Repeat each entry below exactly, omitting any picture it holds.

§ Exercise input:
☆ ☆ ☆

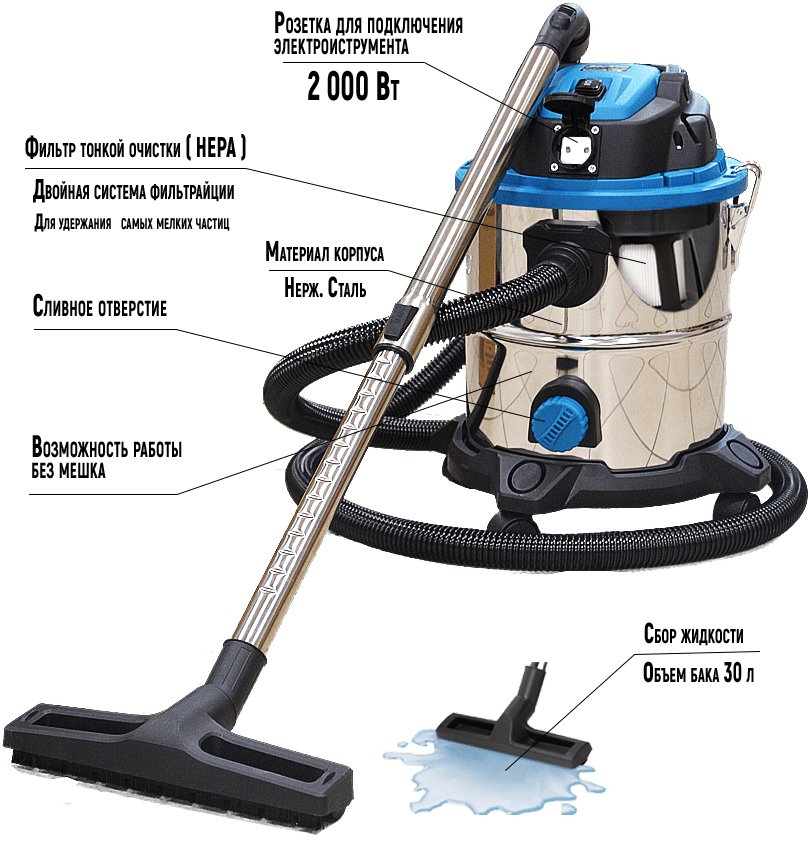 Функция дренажа позволяет слить воду без разборки технического пылесоса, достаточно открыть сливное отверстие и просто слить собранную жидкость.
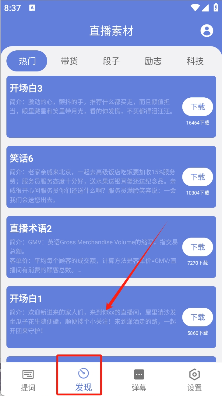 2、点击“发现”按钮,浏览热门开场白、笑话等直播素材,并选择下载。
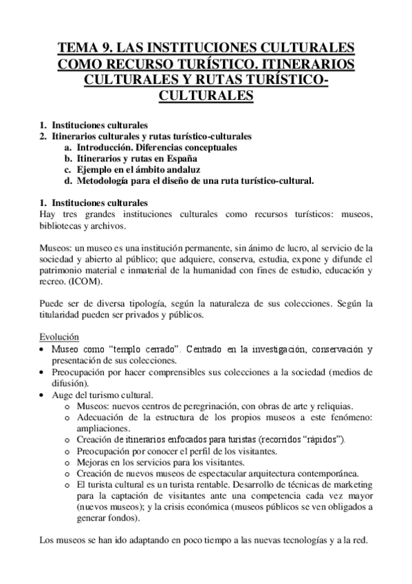 He publicado nuevos apuntes de 1º Patrimonio Cultural Histórico y Artístico: TEMA 9. Las instituciones culturales como recurso turístico.pdf
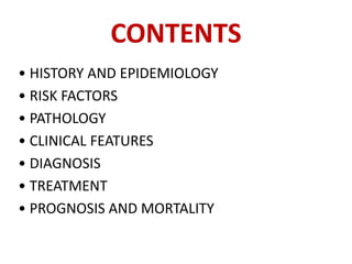 Sarcoidosis is a multisystem granulomatous disorder of unknown etiology characterized by non-caseating granulomas. It most commonly affects the lungs presenting as bilateral hilar lymphadenopathy and pulmonary infiltrates. Extrapulmonary involvement can include the skin, eyes, liver and musculoskeletal system. Diagnosis involves clinical features and exclusion of other causes. Treatment involves corticosteroids while prognosis depends on organ involvement with lung fibrosis carrying the worst prognosis.
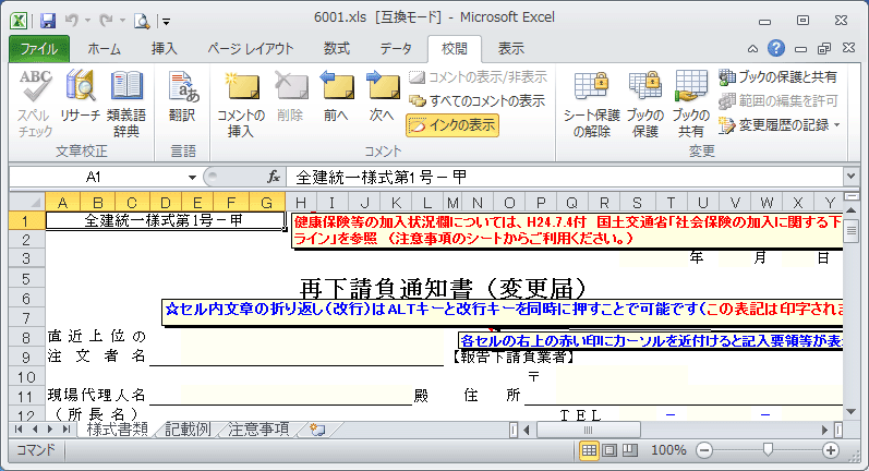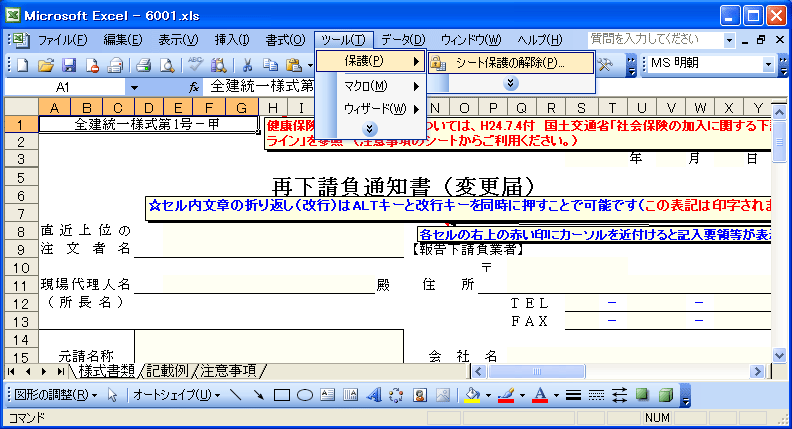 ※体裁を変更した様式書類ファイルは当サポートの対象外となることをご了承の上、保護を解除してください。
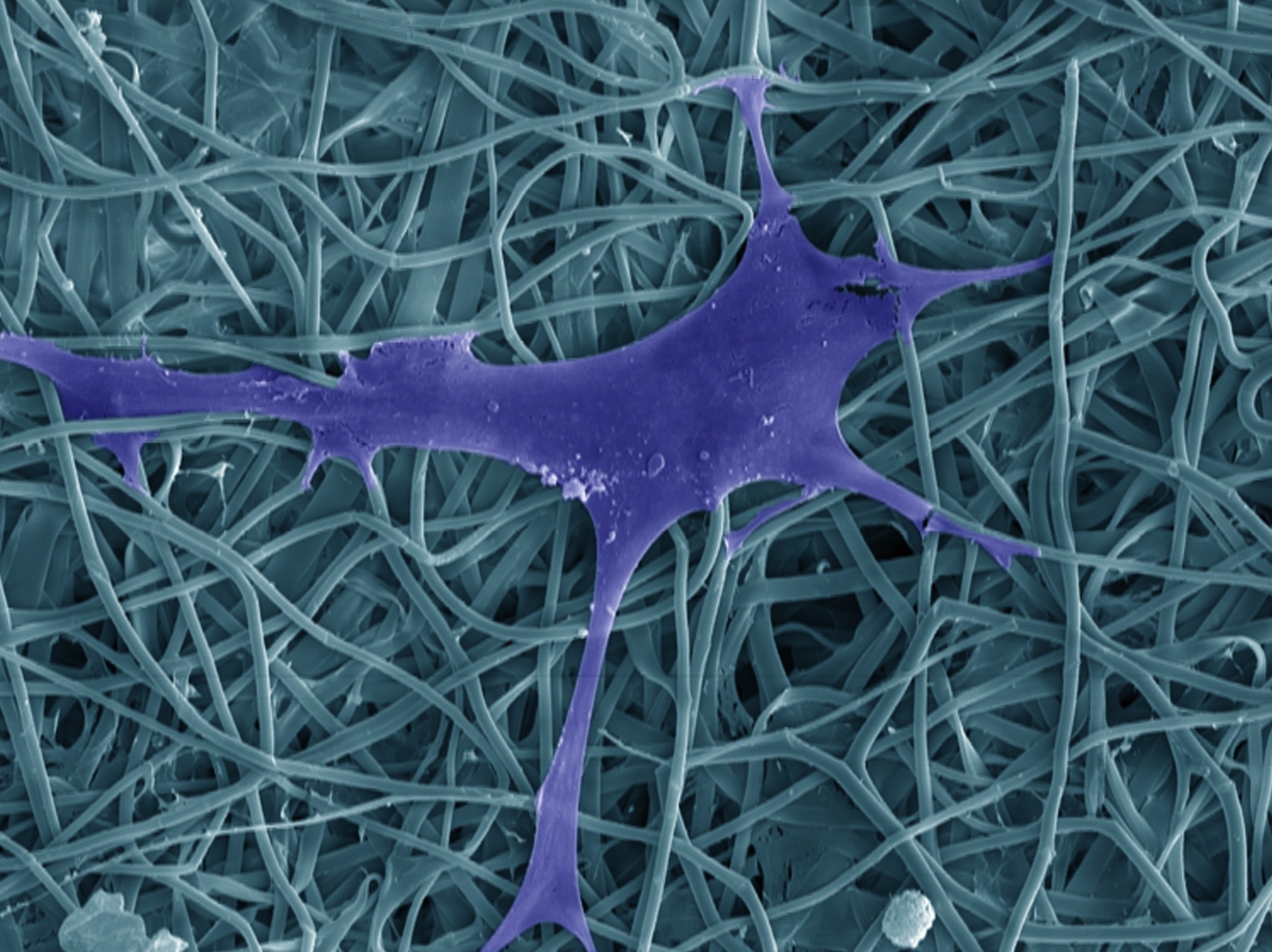 La imagen muestra una célula mesenquimal humana creciendo en una malla de nanofibras de fibroína

☆ ☆ ☆

§ Solution to this exercise:
 Функция дренажа позволяет слить воду без разборки технического пылесоса, достаточно открыть сливное отверстие и просто слить собранную жидкость.
 2、点击“发现”按钮,浏览热门开场白、笑话等直播素材,并选择下载。
 He publicado nuevos apuntes de 1º Patrimonio Cultural Histórico y Artístico: TEMA 9. Las instituciones culturales como recurso turístico.pdf
 Sarcoidosis is a multisystem granulomatous disorder of unknown etiology characterized by non-caseating granulomas. It most commonly affects the lungs presenting as bilateral hilar lymphadenopathy and pulmonary infiltrates. Extrapulmonary involvement can include the skin, eyes, liver and musculoskeletal system. Diagnosis involves clinical features and exclusion of other causes. Treatment involves corticosteroids while prognosis depends on organ involvement with lung fibrosis carrying the worst prognosis.
 ※体裁を変更した様式書類ファイルは当サポートの対象外となることをご了承の上、保護を解除してください。
 La imagen muestra una célula mesenquimal humana creciendo en una malla de nanofibras de fibroína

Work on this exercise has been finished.